Moussia 16: 1918: “Kerensky will come back, woman says.”


When on 3 January 1918 the SS Ecuador moored in San Francisco, a group of curious journalists were waiting, in eager anticipation, for Mr. and Mrs. Vladimir Baranovsky. They had not come in vain. The couple gave a lengthy interview which was carried by most newspapers across the United States. They took the initiative with a long statement and at the start of questioning laughingly dismissed the story of a  Tatiana escape, saying that the Princess was alive and well in Tobolsk with the rest of the Imperial family.

Vladimir Baranovsky stated that Alexander Kerensky, the deposed leader of Russia, was safe in Finland and would emerge from his hiding place to take up the reins of the Russian Government once again. Baranovsky and his wife Mary knew the leader very well, having been among the last to see him, in the apartment of his parents. Kerensky was now married to Vladimir’s sister after divorcing his previous wife, Olga, Vladimir’s  cousin. “At the psychological moment Kerensky will re-appear”, said Baranovsky.”He is a strong man, the strongest in all Russia. It is known in Russia that Lenin and Trotsky are paid German agents and their fall is certain. He said that he had come to the United States to study government operation of railroads with the intention of applying this knowledge to the reconstruction of Russia’s ‘demoralized’ transportation system. His wife would assist him in his investigations throughout the country.

Mrs. Baranovsky, according to the press articles “one of Petrograd’s acknowledged beauties who speaks with equal ease English, French and Russian”, spoke at length about Alexander Kerensky, laying to rest the rumors of his imprisonment. “He has been recuperating in Finland”, she said, “and he will come back when the hour strikes”. She claimed to be in constant touch with him. “It was in my sister in-law’s home that he took refuge when the Bolsheviks ordered his arrest,” she said. “He was sick, shattered with the strain. He flung himself upon the couch and covered his face with his hands. He poured out his hopes and fears to me. ‘If only I could get some rest,’ he lamented to me.”

Throughout this press conference, Rear-Admiral Bosse was at their side but did not speak. After the press conference, they checked into the Palace Hotel. As noted in the San Francisco Chronicle of 4 January 1918: “Vladimir Baranovsky, Russian railway engineer who is a brother (sic) of the deposed Russian leader, is a guest at the Palace, with Mrs.

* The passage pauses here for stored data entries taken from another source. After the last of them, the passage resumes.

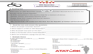 10th November Atatürk Memorial Day etkinlik dosyası, 10 Kasım Atatürk’ü Anma Günü’nün anlam ve önemini öğrencilere aktaracak okuma, kelime çalışması ve alıştırmalardan oluşmaktadır.
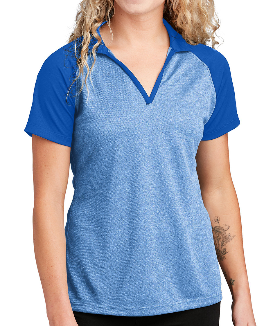This is a cool womens athletic bowling shirt! This figure-flatter shirt moisture-wicking polo combines black and matching tonal heather RacerMesh fabrics for a truly modern team look..
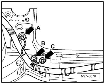 (602) - Ground Connection (in front left footwell) => -Arrow A-
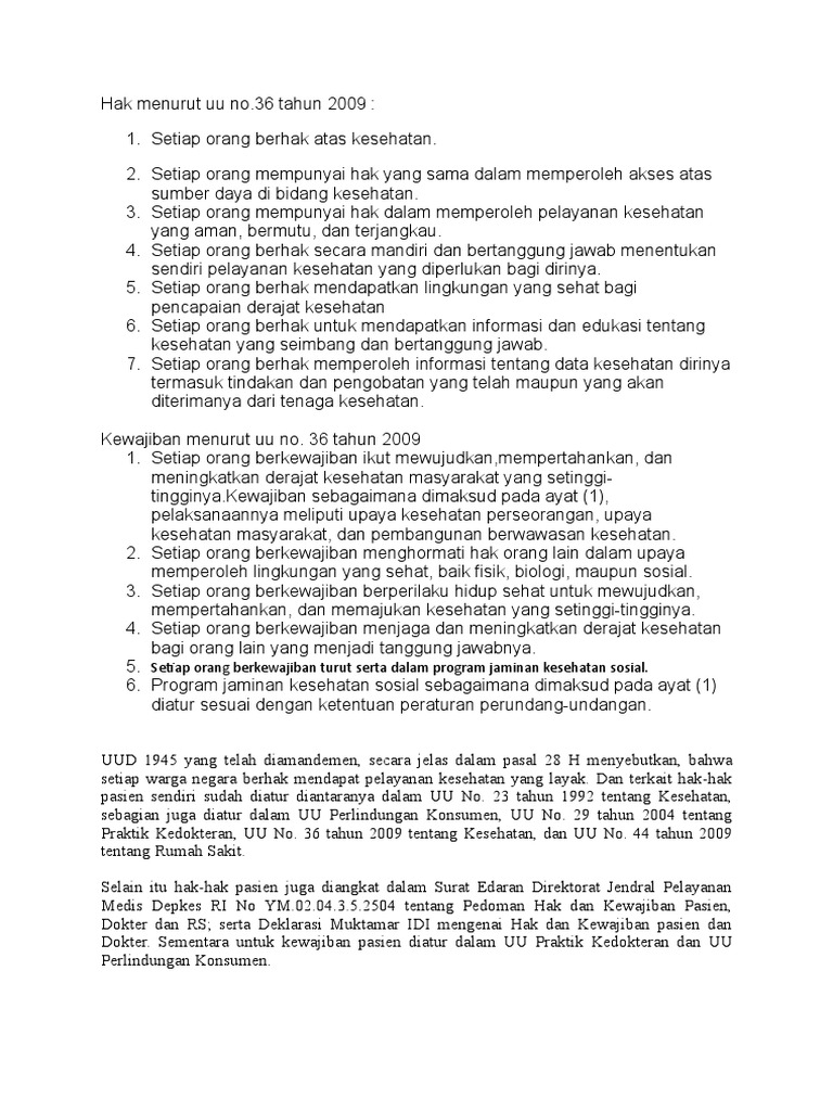 Undang-undang Kesehatan No 36 Th 2009 | Kesehatan Kedokteran
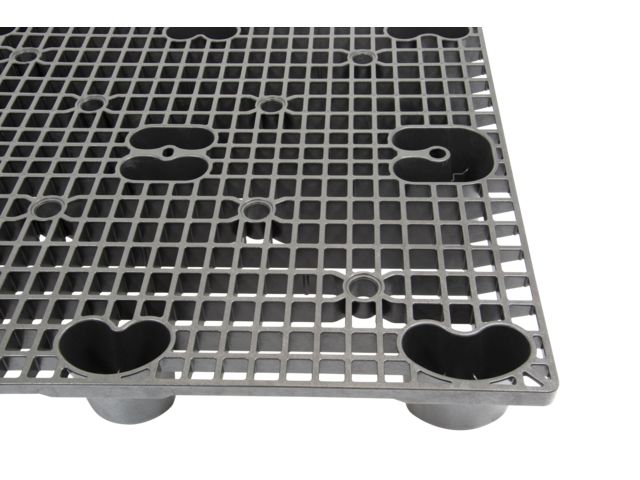 As nestability offers considerable savings in transport and storage and not all intensive used pallets need to be rackable, we developed a specific solution for order picking and deliveries to shops. This multiway and nestable pallet has 9 feet, is sustainable and is suitable for export, retail or pooling. It also has rounded and reinforced feet to reduce breakage due to fork impact.
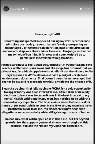 これについて、KGは(2025/08/05)ストーリーで「明確にしたいのは、私はソロキャリアのためにVCHAを脱退したのではない。そんな機会のオファーはなかった。以前も今も」「なぜ脱退しなのかというと、私のメンタルヘルスにベストな選択だったから」「また、私の母親は脱退に無関係だ。お金や個人的利益目的というのは間違った見方だ」と反論しています。
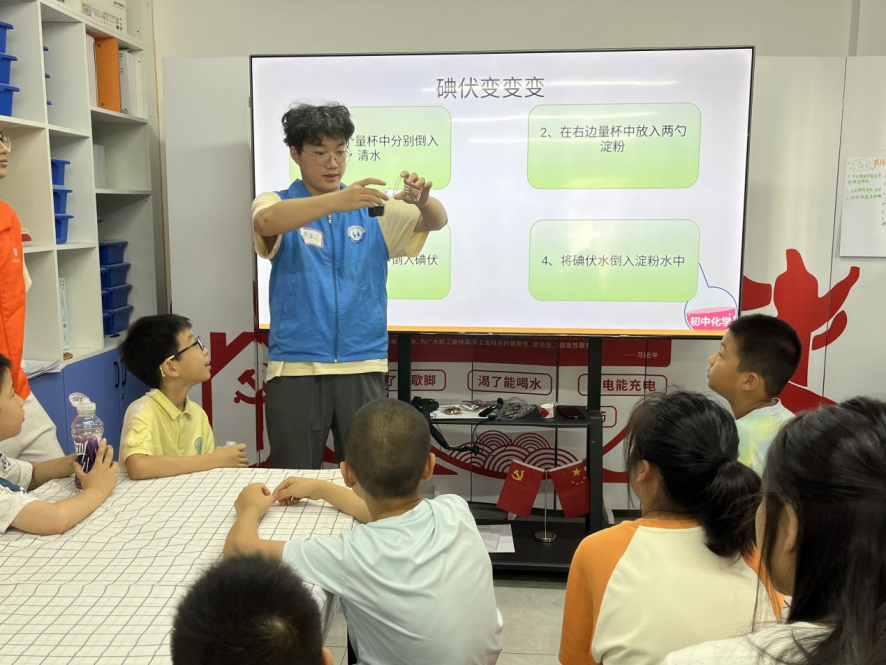科学启蒙是贯穿活动的主旋律,用奇妙的实验将科学的魅力具象化呈现。7月2日开营首日,实践队员陈凯晶带来的 “百变的它” 实验课就点燃了孩子们的热情,通过氧化还原反应理论讲解与“透明的可乐”“特工密信”等趣味实验,将抽象化学原理转化为直观认知。7月4日的“奇妙溶解之旅”中,彩虹糖溶解实验以色彩斑斓的“彩虹圈”现象引发惊叹,天气瓶制作环节则让孩子们通过混合樟脑、乙醇等材料,观察结晶形态变化,理解天气预测原理。7月6日,实践队员黄佳贤从生活入手,带领孩子们观察紫甘蓝汁在醋与小苏打溶液中魔幻般的色彩蜕变,通过碘酒与淀粉的经典显色反应,让孩子们亲手揭开身边化学的“神秘面纱”。而李琦函带来的“火焰掌”实验,更是将现场推向高潮。实践队员们继而引导孩子们动手操作高锰酸钾与维C、酸与碱的相互作用,在“酸碱之星球溶解”等实验中沉浸式体验物质变化的奇妙过程。“原来科学这么好玩!”“我也要做小科学家!”求知欲与好奇心被实验的“魔法”彻底点燃。
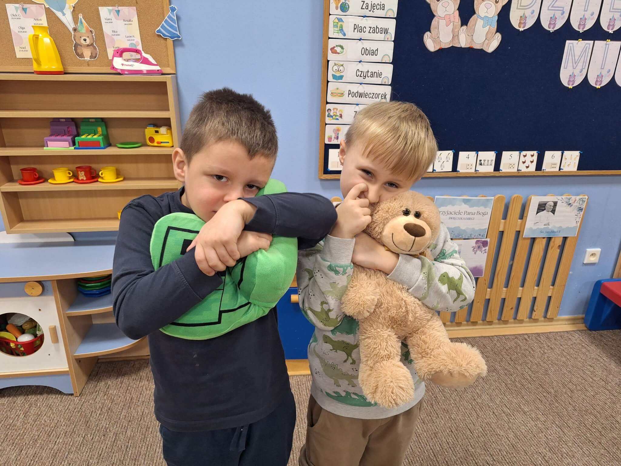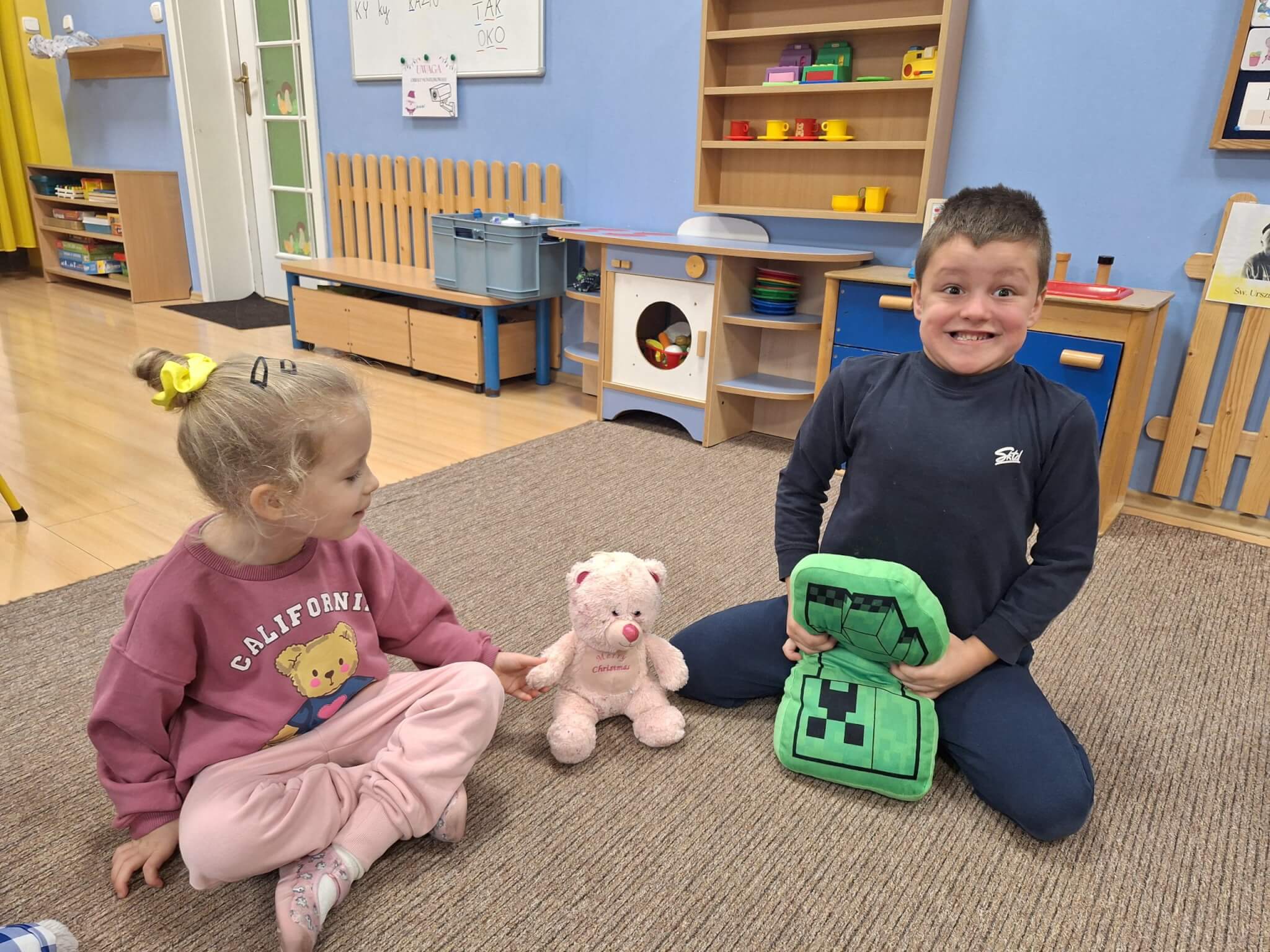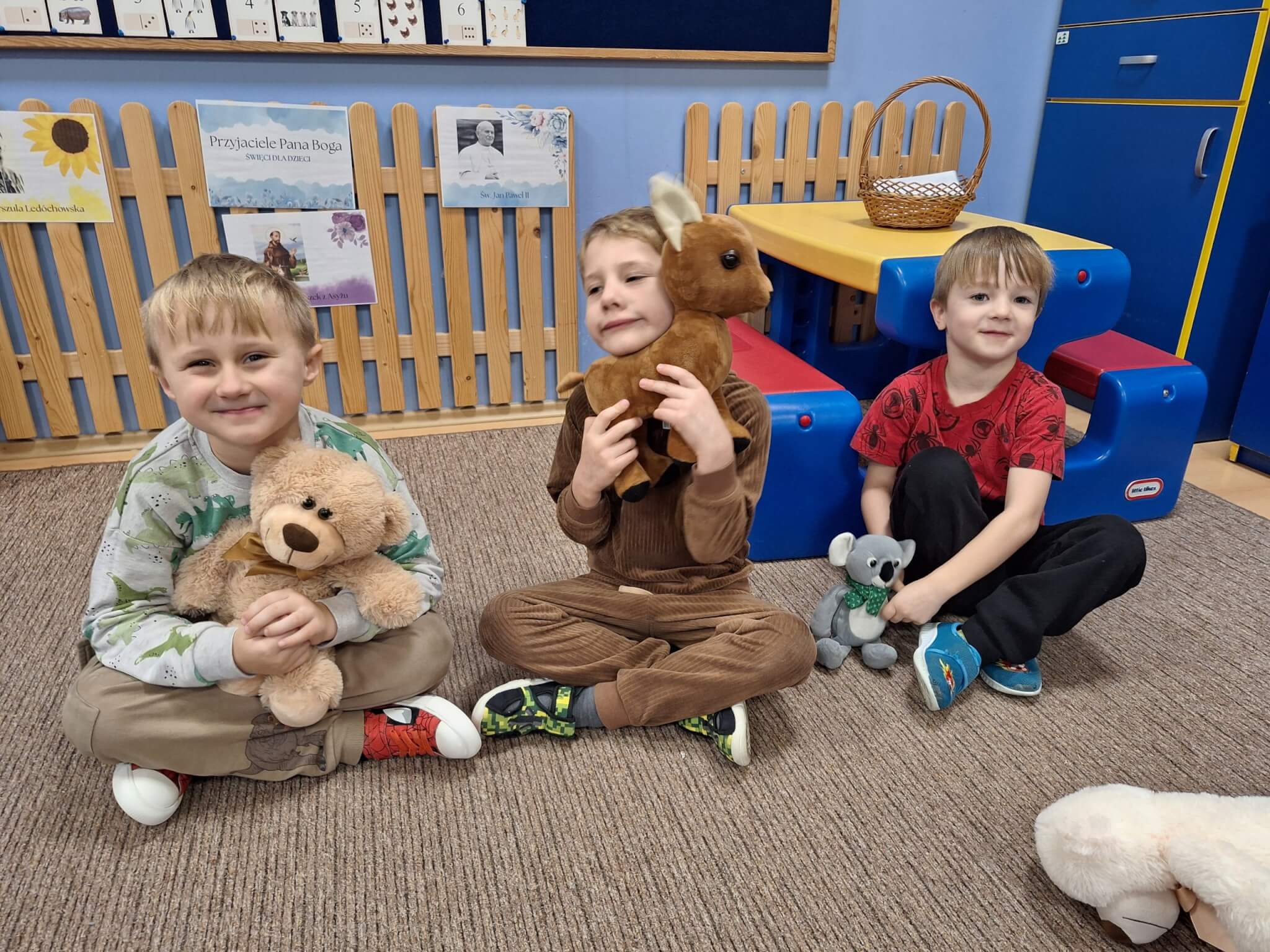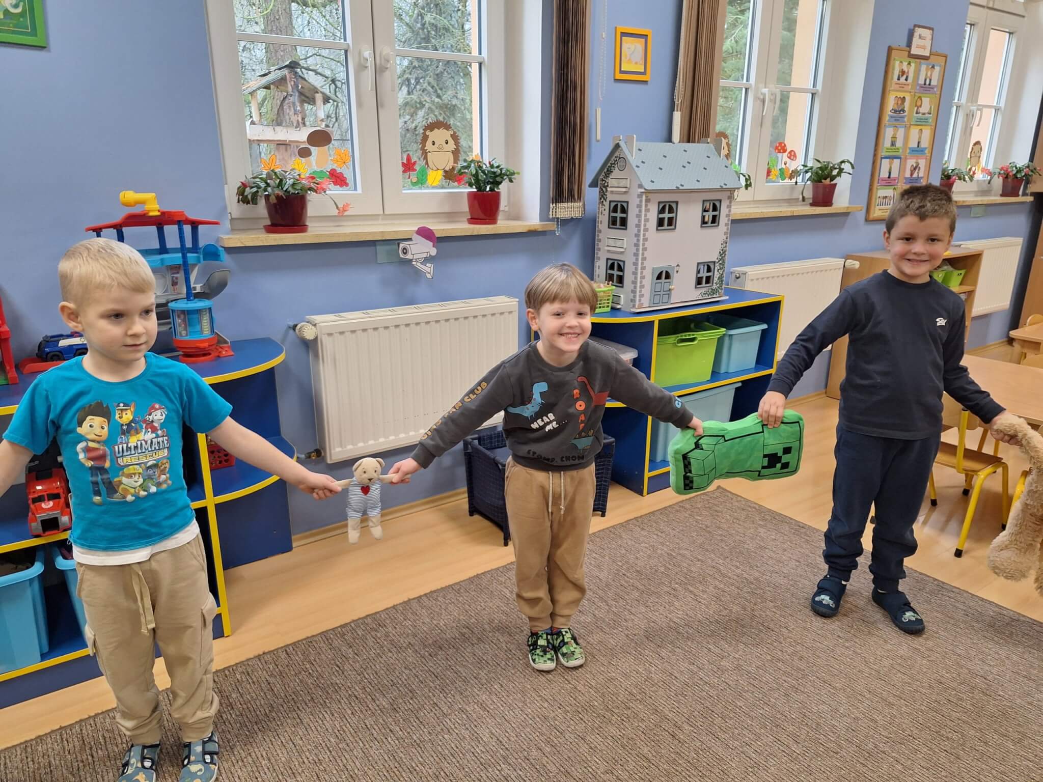25 listopada 2025 r. „Jest brązowy i mięciutki, małe uszka, pyszczek krótki. Gdy mi smutno jest i źle – on zawsze pocieszy mnie. Mam pluszowego misia, jest przy mnie nie od dzisiaj. On sekrety moje zna, zawsze dla mnie uśmiech ma.” Dzisiaj w „Makach” świętowaliśmy Dzień Pluszowego Misia. Dzieci z dumą prezentowały swoje ukochane pluszaki, a podczas wspólnych tańców, zabaw i zagadek miały okazję twórczo się wyrażać i rozwijać swoją kreatywność. Bo to również ważny moment, aby porozmawiać o przyjaźni – o tym, jak ją budować, okazywać i troszczyć się o nią.
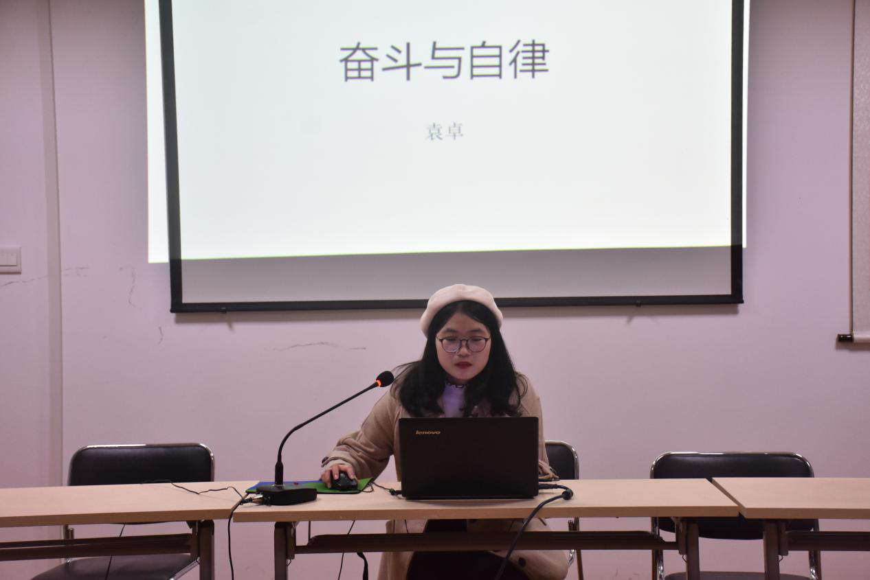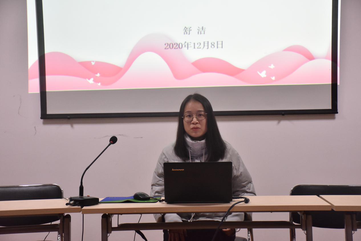 第三位分享的是历史文化公司的专业硕士研究生舒洁同学,她从四个方面向我们分享了她学习的经验:找准定位、设立目标;屏蔽干扰,摆正心态;脚踏实地,默默耕耘;结果既定,春暖花开。她说:“世界上天才很少,更多的是千千万万的普通人,说你其实没有什么天赋,之所以一直能够得偿所愿,主要在于你比别人更能坚持。”舒洁同学用自己的亲身经历向我们充分阐释了勤能补拙是良训的至理名言。

Baranovsky. Other guests at the Palace include Rear-Admiral T. Bosse of the Russian Navy, retired…”

During the five months thereafter, the two continued on their campaign trail, closely followed by the press. But first Moussia had to be admitted to a clinic because of the kidney illness she had picked up during the long journey from St. Petersburg. On 28th April 1918, the San Francisco Examiner reported:

“Mme. Baranovsky, who was a patient at one of the sanatoriums for the past several weeks, has been taken to her home and is fast recuperating. Mr. Baranovsky is the brother-in-law of the former leader, Kerensky. Mme. Baranovsky is a particularly handsome young woman and from her striking resemblance to one of the daughters of the former czar of Russia, was mistaken for the Grand Duchess Tatiana. Mr. and Mrs. Baranovsky were frequently seen about town with admiral Bosse, with whom they crossed the Pacific. This officer was at the head of the Russian Navy and was the friend and advisor of the czar for years, and this fact exaggerated the rumour of the attractive young woman’s identity. She, however, merely smiles at the idea and says very complimentary things about the young daughter of the czar whom she knows very well.”

They were regularly mentioned in the society columns, often together with Mr. and Mrs. George Romanovsky, the Acting Russian Consul in San Francisco. In May, Moussia was in the news again. There were strong rumours that Kerensky was about to arrive in New York, on a steamer from Sweden. She said she was going to New York for a month to be there when he arrived. When asked how she knew that he was on his way, she said: “I have no direct word from him, I merely have – well, information.”